Sua ideia de que o conhecimento circula deixa os historiadores em alerta para as múltiplas possibilidades que os estudos focados em determinada região, por exemplo, podem trazer. Além de evidenciar o caráter relativo desses contextos considerados como “periféricos”, este tipo de estudo permite também que se note a existência de comunidades e práticas médicas e científicas locais que, ao se voltarem para a resolução de problemas cotidianos, mostram-se atualizadas e produtoras de conhecimento, trazendo elementos novos que nos levam a colocar em perspectiva o protagonismo de uma ciência pensada, sobretudo, a partir das regiões sul e sudeste do Brasil ou mesmo da Europa e dos Estados Unidos. E esse, nos parece, que é mais um motivo para apostar no potencial analítico do cruzamento entre as definições do que se convencionou chamar de História das Ciências e História Regional. Ao nos permitirem observar realidades mais específicas e ajustar as lentes para o dia-a-dia das práticas científicas, esse “casamento” entre dois campos correlatos possibilitará também que, no futuro, possamos contar com uma base variada e sólida de análises para a realização de mais estudos comparativos.

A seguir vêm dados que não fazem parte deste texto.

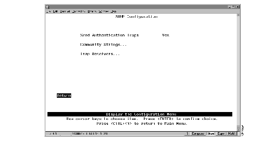 To view or change the community names for the domains of the Catalyst 2600, select Community Strings on the SNMP Configuration panel. The Community Strings panel (Figure 7-18) is displayed. A community name is a name associated with the Catalyst 2600 and a set of SNMP managers that are allowed to manage it with the specified privilege level.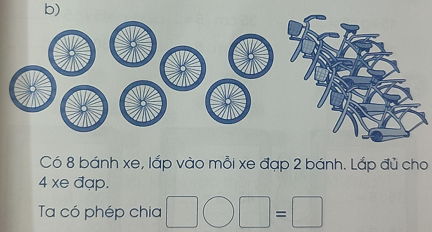 Bài 4. Xem tranh rồi nói và viết phép chia thích hợp: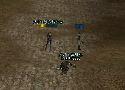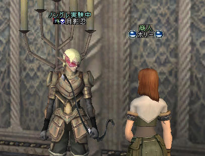 今日は1時間連続でやってみよう。 コルマンの口調が、心なしか丁寧になってる気がする。 ノングレ戦隊の実力を認めたのか!? コルマンの所からストライダーに乗って走っている人がいたんだが… 追い抜いてしまった… シルレン早えええええええええええええええええええっ!! で、気合入れて狩ってたのはいいんだが… ウッドン少し軟らかい? まあ、普通CとかB装備で来る所だから… ノングレードって言う所自体問題かもしれんが… 1ENDです。 今日はモンスターに食われた;; 通りかかった人に助けて頂きました。ありがとう;; で…帰還して、 ホリーの所に行ったら、大口の取引相手がw 怪しげな名前、そして一人のキャラクターに連なって移動する集団。 業者だと思うが証拠は無い。 もっとも、一般プレイヤーから見て、怪しいプレイヤーと言うだけで、それが本当に業者かどうかなんて判るわけが無い。 ただ、言えるのは、「こいつらは、どう見ても遊んでいるようには見えない」 この一点に尽きる気がする。 本当に業者なら、この世界から自主的に消えて欲しい。 月影忍「ホリー!!いくら大口の取引相手でも、そいつらについて行っちゃダメだぁ!!」 (やきもち?) 今回は9往復(帰還スク一枚無駄にした;;) 消耗品使用実績 ----------------------------------- 矢:134本 NSS:1169発 POT:15本 帰還スク:10枚 -------------------------------------------------- 経費合計:20,360a 終了時残金:107,850a - 開始時残金:30,602a = 現金収入:77,248a 現金収入:77,248a - 経費:20,360a = 利益:56,888a 開始前と終了前の状態 結構稼げてる気はする。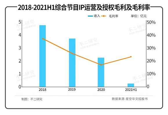「不二研究」发现,其主营业务综艺节目IP毛利率呈逐年下滑状态。2018-2021上半年分别为39.2%、27.6%、18.7%和23.4%,其中王牌节目《中国好声音》的收视率虽然较可观,但带来的收益却并不明显。
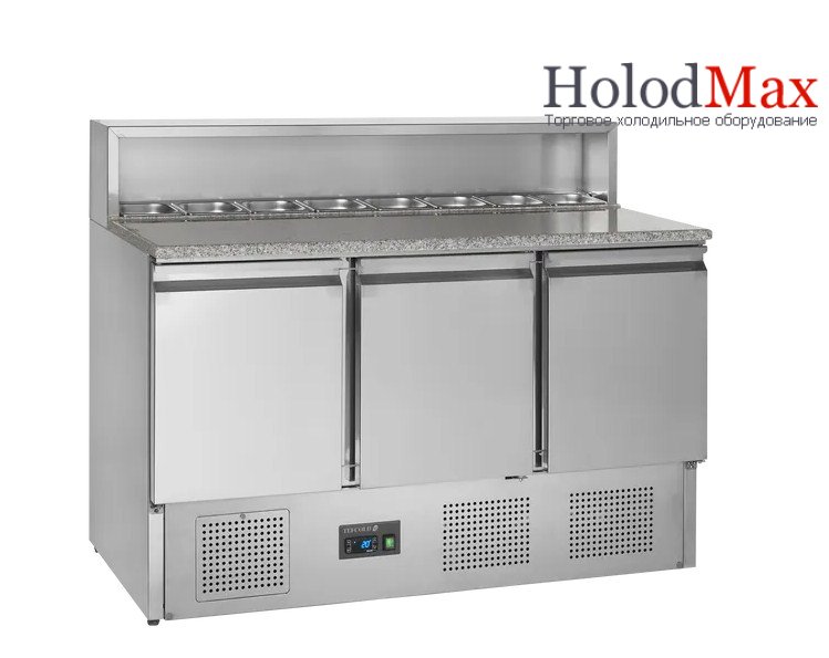 Холодильный стол для пиццы TEFCOLD-PT930 - призначений для приготування піци у барах, кафе, ресторанах. Корпус та внутрішнє оздоблення холодильного столу виконані з високоякісної нержавіючої сталі. Стільниця – граніт. Тип відкривання глухих ящиків – розпашні. Дана модель столу оснащена автоматичною системою відтайки, цифровою індикацією температури, що регулюються по висоті ніжками. Внутрішні розміри (ширина*глибина*висота) – 1295 x 515 x 500 мм. Вхідна потужність: 230 Вт. Рівень шуму – 42 Дб/А. Немає внутрішнього підсвічування та замків. Постачається без гастроємностей.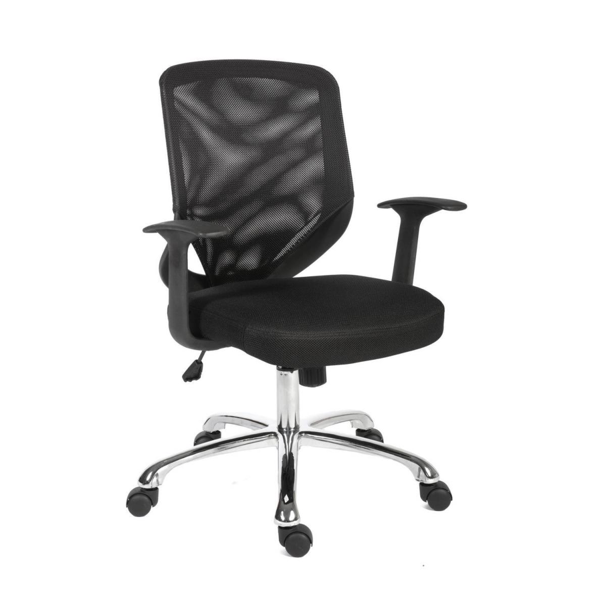 This Nova Mesh Executive Chair was designed with your comfort in mind. It features a durable fabric seat, sturdy armrests and a mesh back that is ideal for keeping your back cool while offering lumbar support from its curvature design. The seat rests central on a metal constructed leg with five casters, making it easy to move around on a variety of carpet textures and wooden flooring. The convenient gas lift height adjustment mechanism makes it easy to alter the stature of the seat to how you wish and you can recline the back slightly with a simple push of a lever, creating the perfect chair for everyday use.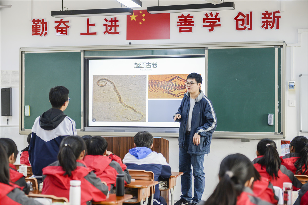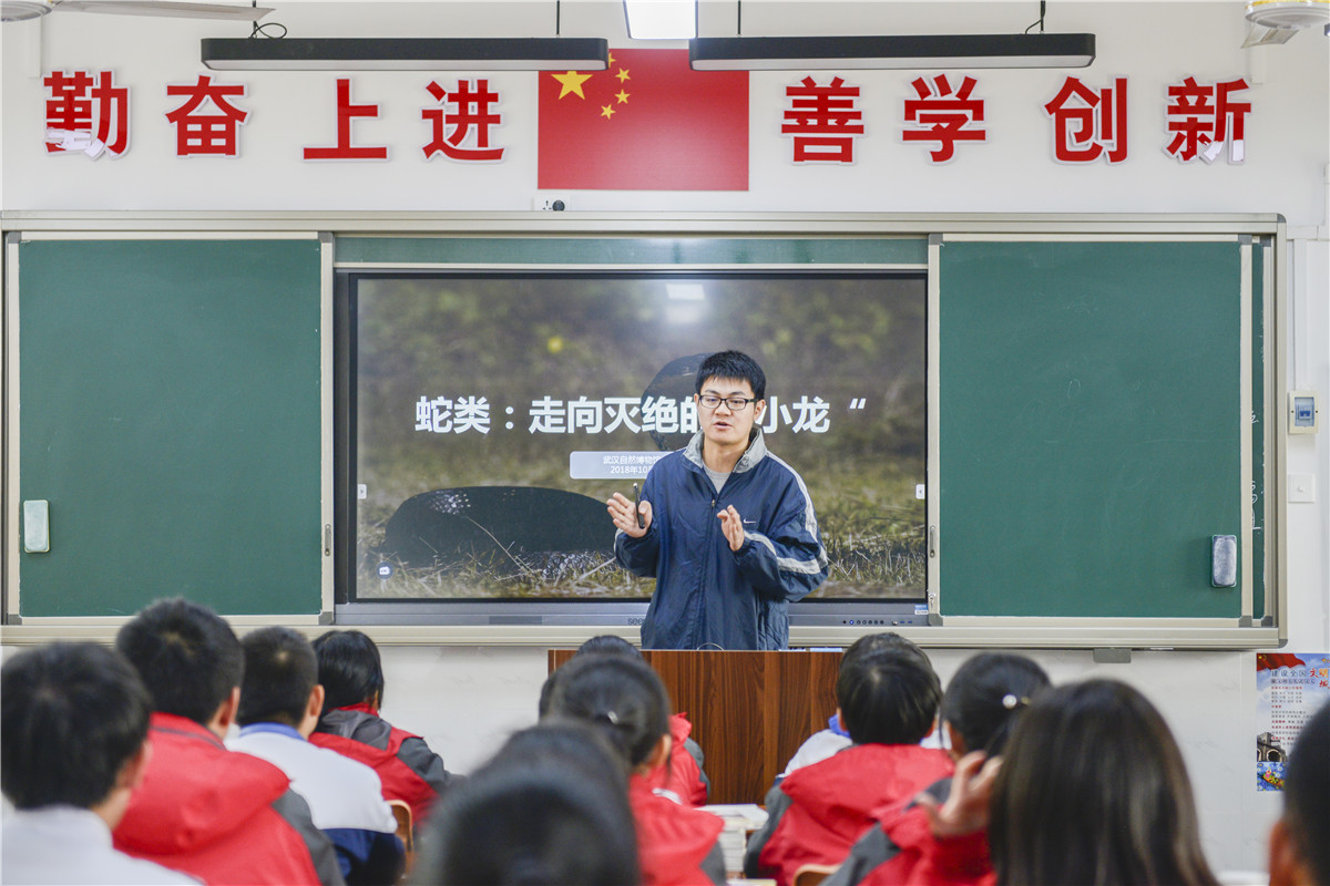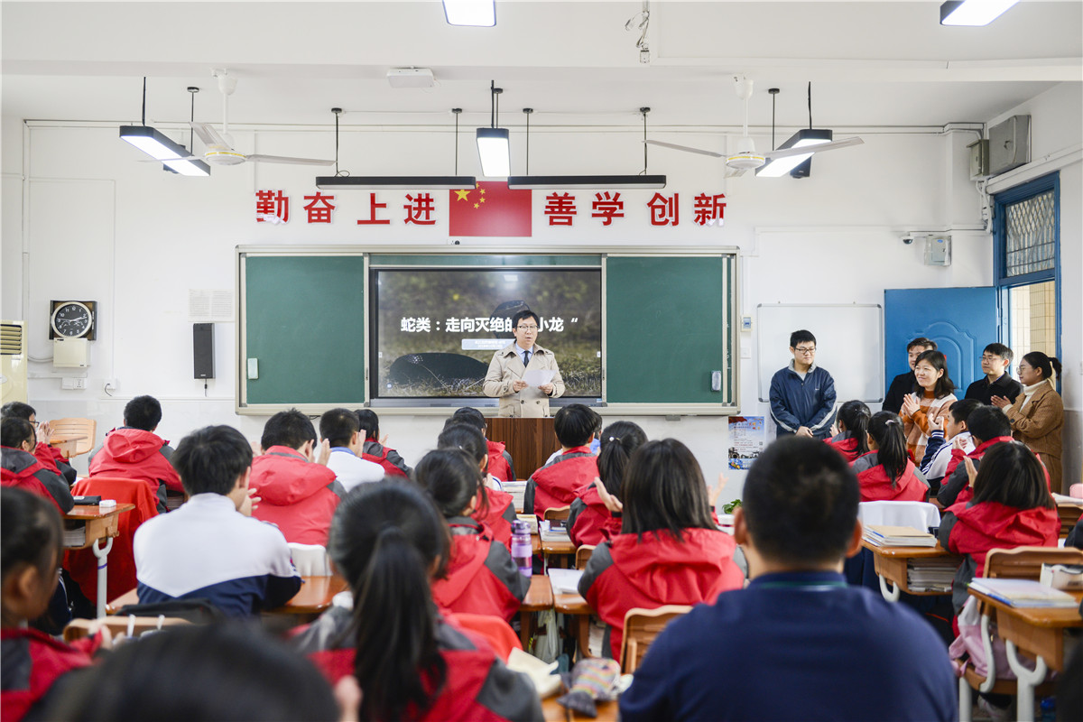 11月18日,武汉市第二十三中学(墨水湖校区)高一(1)班,长江文明馆(武汉自然博物馆)的社教老师以“蛇类:走向灭绝的‘小龙’”为主题,用生动的语言和和渊博的知识对大众谈之色变的生物——蛇进行了深入浅出的科普。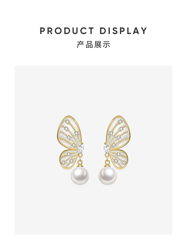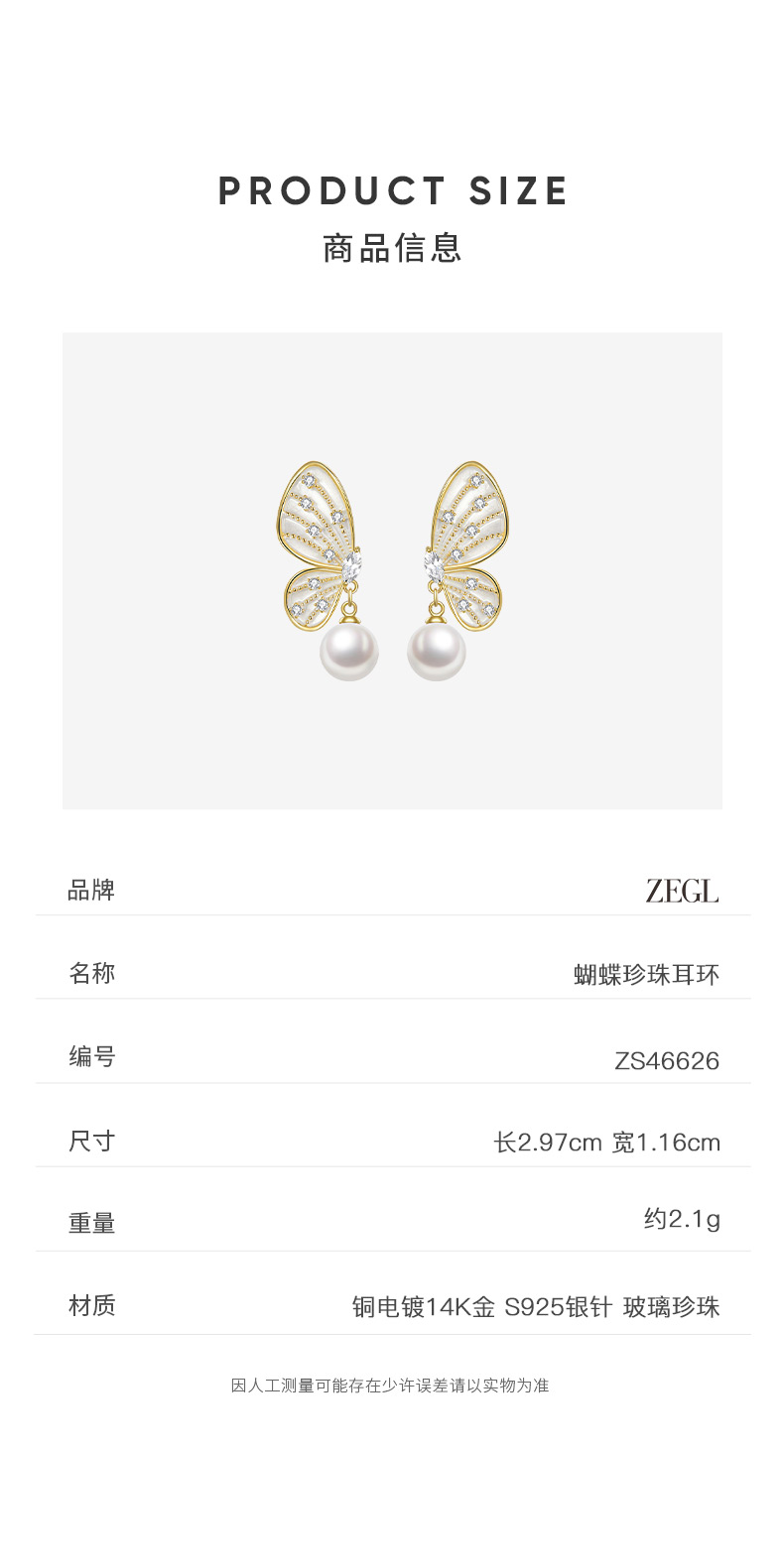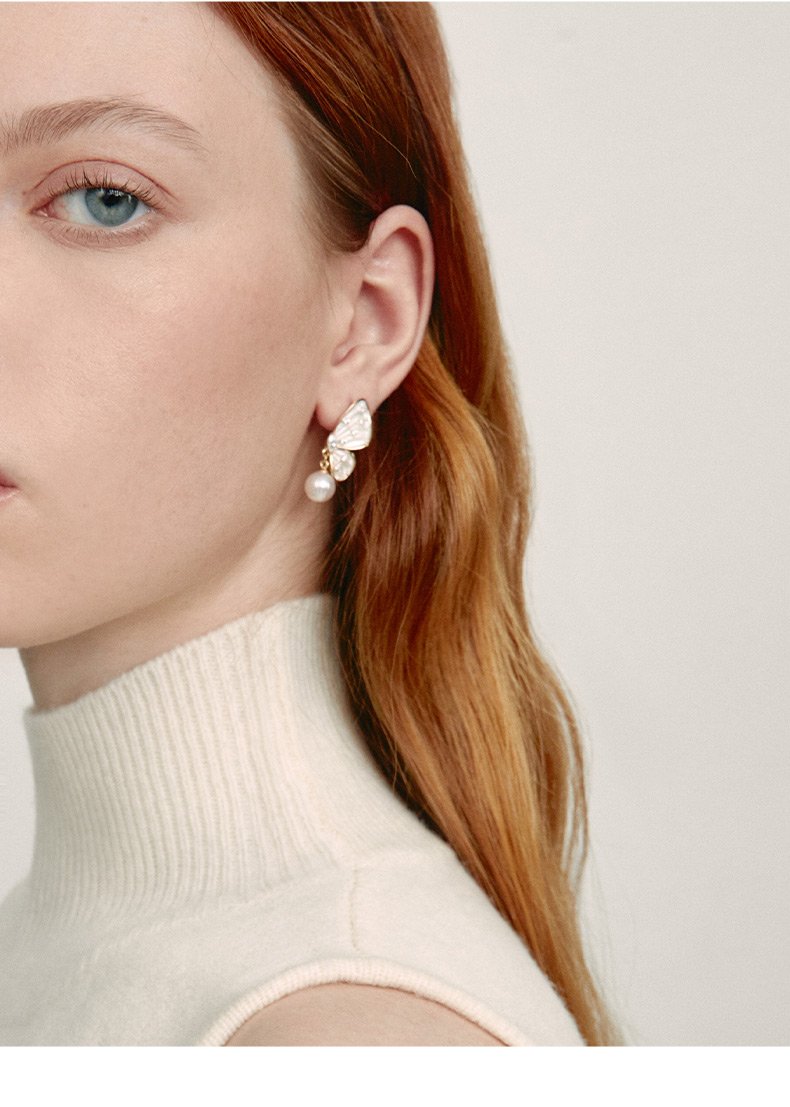 ZEGL法式蝴蝶人造珍珠耳环女2024新款爆款秋冬耳钉高级感银针耳饰

Por fim, ressaltamos ainda os artigos livres enviados para o v. 17, n. 30, 2020, da Revista Outros Tempos. Mesmo que tais trabalhos não estejam no rol dos artigos do dossiê sobre “As relações nação-região e os espaços de fronteira no processo de institucionalização das ciências e da saúde no Brasil”, os leitores perceberão que 4 todos dialogam diretamente com a proposta dos organizadores, pois trata-se também de uma tentativa de trazer à tona outras experiências históricas em contextos diversos dos já tradicionalmente trabalhados por uma historiografia oficial. Tal constatação já nos deixa com a sensação de que todo o esforço de organização e reunião dos artigos, entrevista, estudo de caso, foi completamente recompensado pelo resultado final apresentado neste volume.

Boa leitura!


COE, Agostinho Júnior Holanda; VIEIRA, Tamara Rangel. Editorial. Outros Tempos, Maranhão, v. 17, n. 30, 2020. Acessar publicação original [DR]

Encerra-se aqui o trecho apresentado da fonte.